The 2018 season opener has to be one of the most exciting in recent memory.
In the first two weeks alone, we’ve seen many of the dominant narratives around rugby league in Australia shattered in the most surprising ways.
The Knights have won two games in a row.
The Storm have lost their first home game and Billy Slater’s 300th game.
Luke Brooks has won more games than James Tedesco, Mitchell Moses and Aaron Woods combined.
The Raiders have lost two games 28-30 to teams they would have coasted over last year.
And Jarryd Hayne hasn’t been able to prevent the Eels from their biggest historic loss to Manly.
Everyone always expects the first week of rugby league to be a bit of a wild card.
No doubt, too, that the last round saw things return to normality on Friday night, with the Roosters coming away with an expected win over the Dogs and the Broncos dealing with their demons after Round 1 by winning the first Queensland Derby of the year.
Yet that just made the rest of the weekend all the more surprising.
It may be that we’re looking at a genuine watershed year in rugby league – the kind of year when the balance of power shifts and sets a new blueprint in place for the next five or ten years.
To some extent, that’s not surprising, given the enormous number of major player movements – even for the NRL – that took place last year and in the offseason.
Still, I, for one didn’t expect Mitchell Pearce to fire up so quickly at the nights, or for Ivan Cleary’s defensive game plan to reap rewards so rapidly.
The year is all the more intriguing in that there are a number of big questions still open.
How will the Tigers look when Josh Reynolds gets back on the field – and where will he play?
Will Jarryd Hayne eventually settle on centre or fullback, or continue to move between the two?

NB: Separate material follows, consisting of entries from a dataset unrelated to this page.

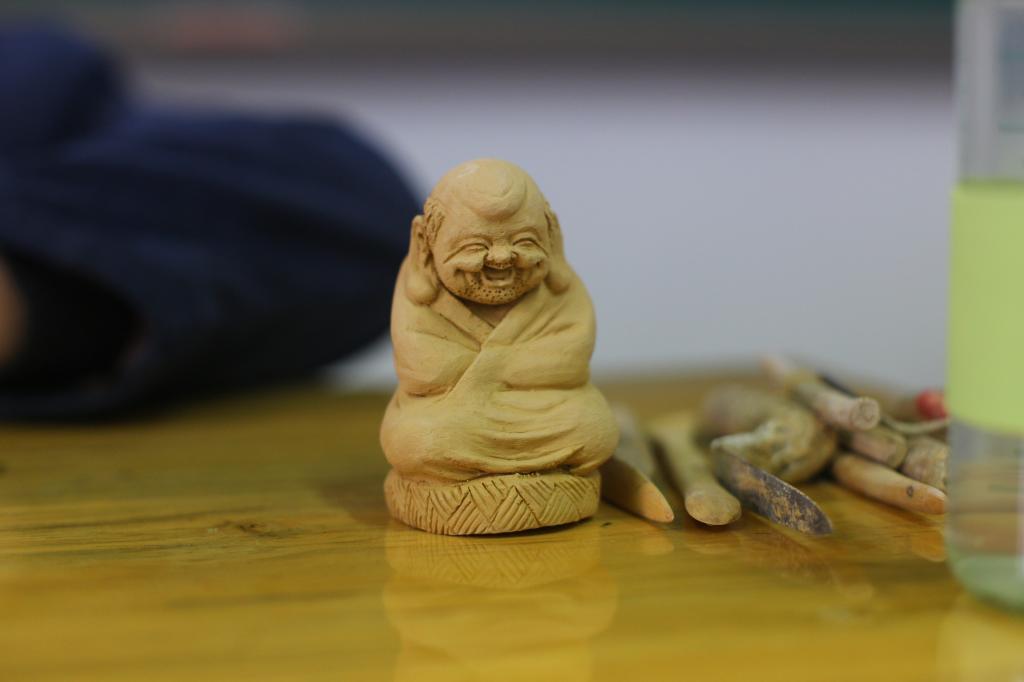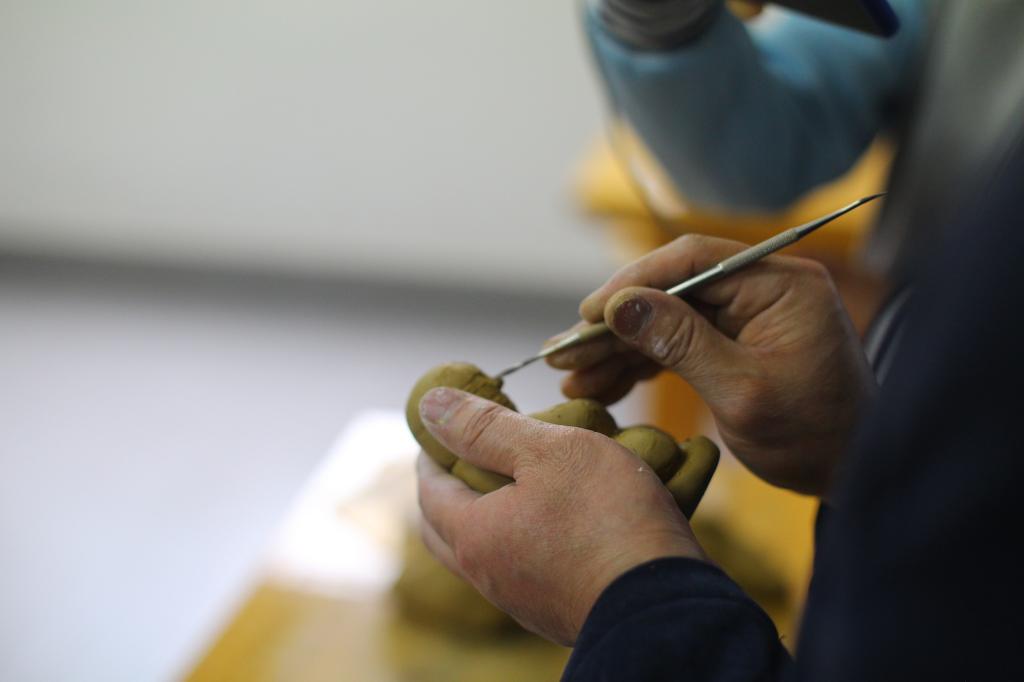 课堂上,刘老师也向同学们阐释了他心目中泥塑的内涵:“它的意义远不止土制工艺品这么简单,在作品的创作与思考中也包含了前人的经验与智慧。”在结束理论课程的学习后,刘明君老师开始向同学们展示泥塑品的手工制作过程,并且让同学们尝试着自己去动手制作一尊人物塑像。
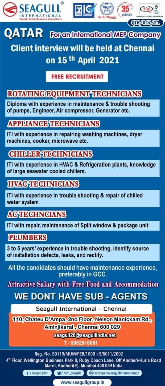 HomeQatar JobsJobs in QatarQatar JobsJobs in QatarBy Gulf JobApril 11, 20210ShareFacebookWhatsApp WhatsApp Group Join WhatsApp Jobs in QatarRotating Equipment TechniciansApplication TechniciansChiller TechniciansHVAC TechniciansAC TechniciansPlumbersContact Details:Email: seagull28@seagullindia.netPhone: 9962818061Office Name:Seagull International WhatsApp Group Join WhatsApp Previous articleJobs in OmanNext articleJobs in QatarGulf Job
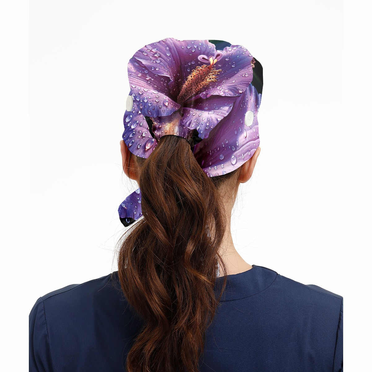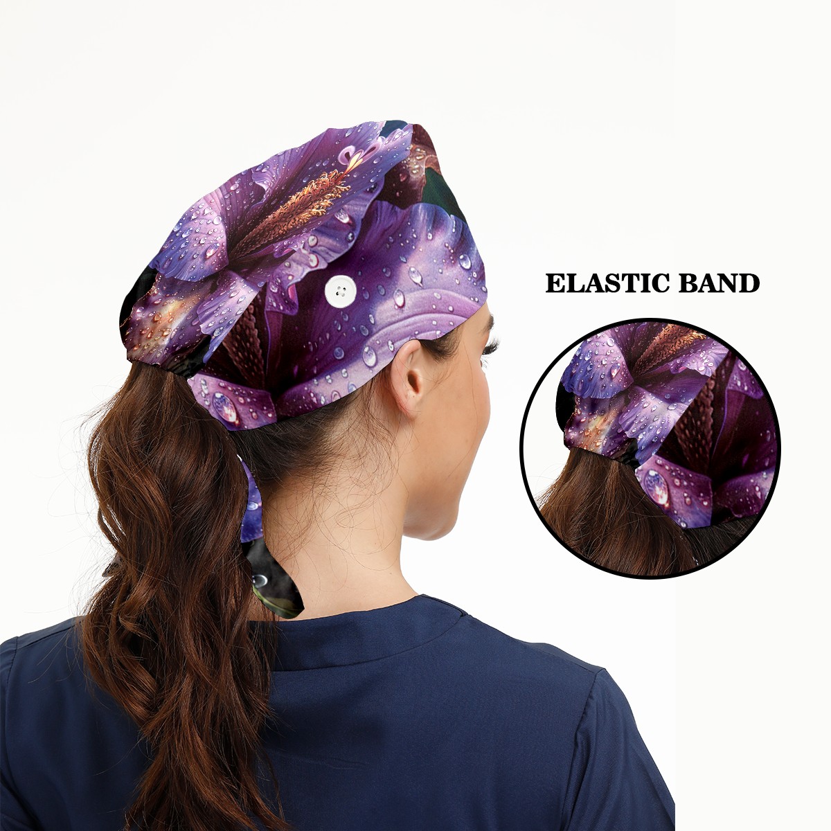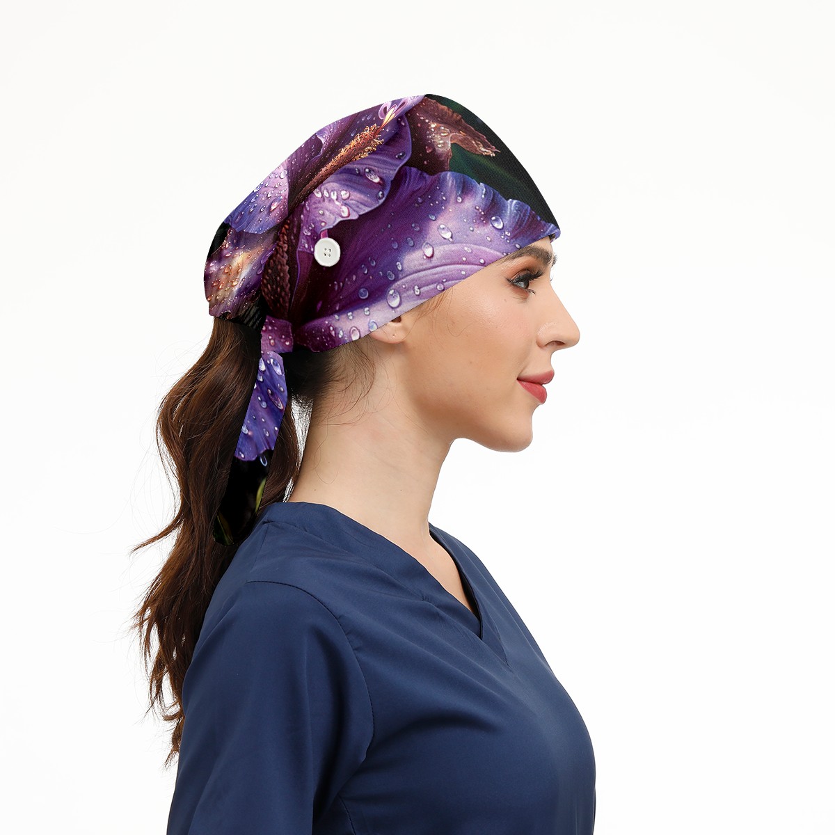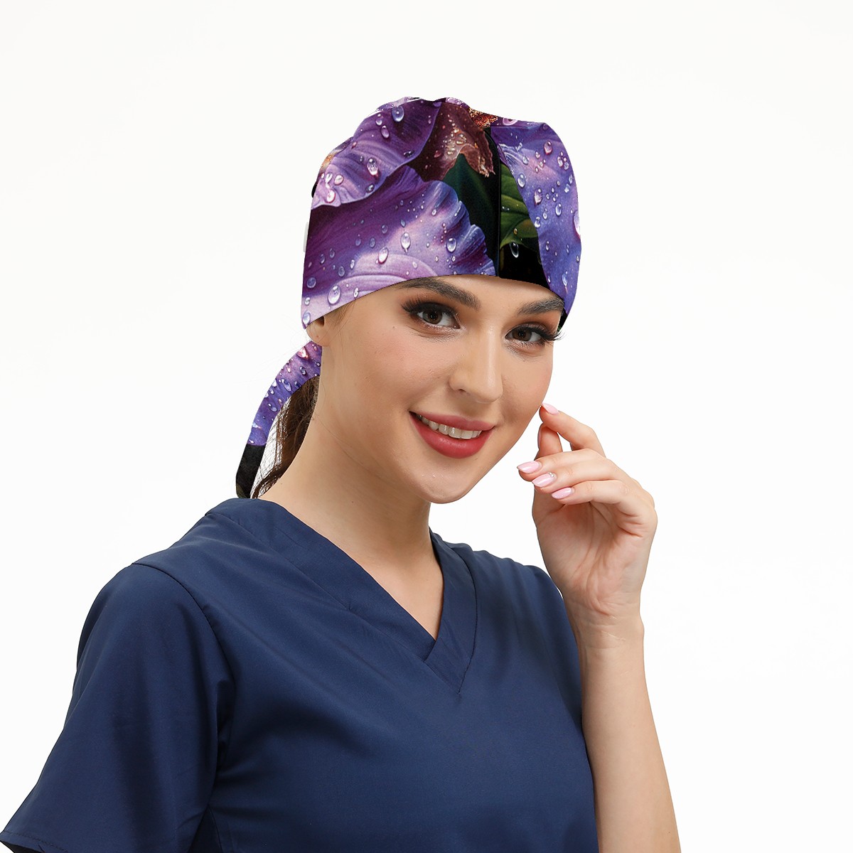 Working Caps with Button & Sweatband Satin Lined Cotton Adjustable Nurse Hats Elastic Band Scrub Cap Surgeon Hat Morning Glory
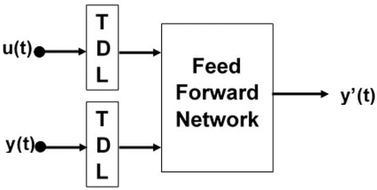 A NARX was trained, which can be mathematically defined, as shown in Equation (13); where u(t) and y(t) are the input and the output of the network at time t. Generally, a NARX has a hidden layer with hyperbolic tangent activation function, an output layer with linear activation function and two tapped delay line (TDL) [,]. See Figure 7.
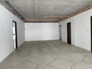 Common Areas: Double-height lobbies with reception and waiting areas, wide corridors with large windows for natural light and ventilation, and three high-speed passenger elevators plus one service/fire elevator per block.
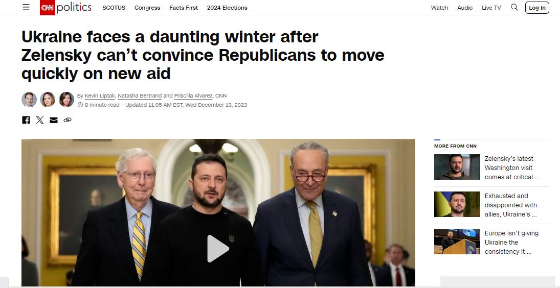 Не скрывает и американский телеканал CNN – после неудачной попытки Зеленского убедить республиканцев помочь деньгами Украину ожидает суровая зима.

Will he be as much of a nonentity at Parra as he ultimately was at Gold Coast?
Will Kieran Foran be able to make a genuine impact at the Bulldogs? Can he possibly fill Reynolds’ place in terms of team spirit and community building?
The season is all the more intriguing in that there’s still a lot of big clashes we haven’t seen yet – Pearce against the Chooks, Ponga against the Cowboys, Cronk against the Storm, Maloney and Moylan against their previous clubs.
On top of that, 2018 feels like the year when a lot of middle and long-term gestation could start to pay dividends.
Several commentators have held that Nathan Brown has put in one of the best coaching jobs of the last couple of years, building a foundation for Newcastle’s future that might start to reap the rewards in 2018.
Similarly, the addition of Maloney might be the spark that Penrith need to cement Anthony Griffin’s integration of his younger players – Cleary in particular – with his veterans.
And the changing of the guard that Bellamy has been preparing for at Melbourne may get a kick start with Cronk’s untimely departure for the Tricolors.
Even Ivan Cleary’s new team and game plan feels like a long-term effort, so laboriously and tediously did the tail end of last season drag out for Tigers supporters.
In that kind of footy environment, even a win from a major team is going to feel fresh, just because even the top contenders have changed in their relation to the whole.
A Storm premiership feels fundamentally different without Cronk; a Roosters premiership feels fundamentally different with Cronk.
Similarly, teams can latch onto that atmosphere and make the most of it. With so much else changing in 2018, I wouldn’t be surprised if RTS, Johnson and Luke make more of their combination than ever before.
Nor would I be surprised if the Titans bounce back with energy after the relief of dropping Hayne, no matter what their result last week might suggest.
All in all, then, a great year for footy – and one of those exciting years where everything is up for grabs and anything goes.
What do you think is the most unexpected or unpredictable aspect of the 2018 season?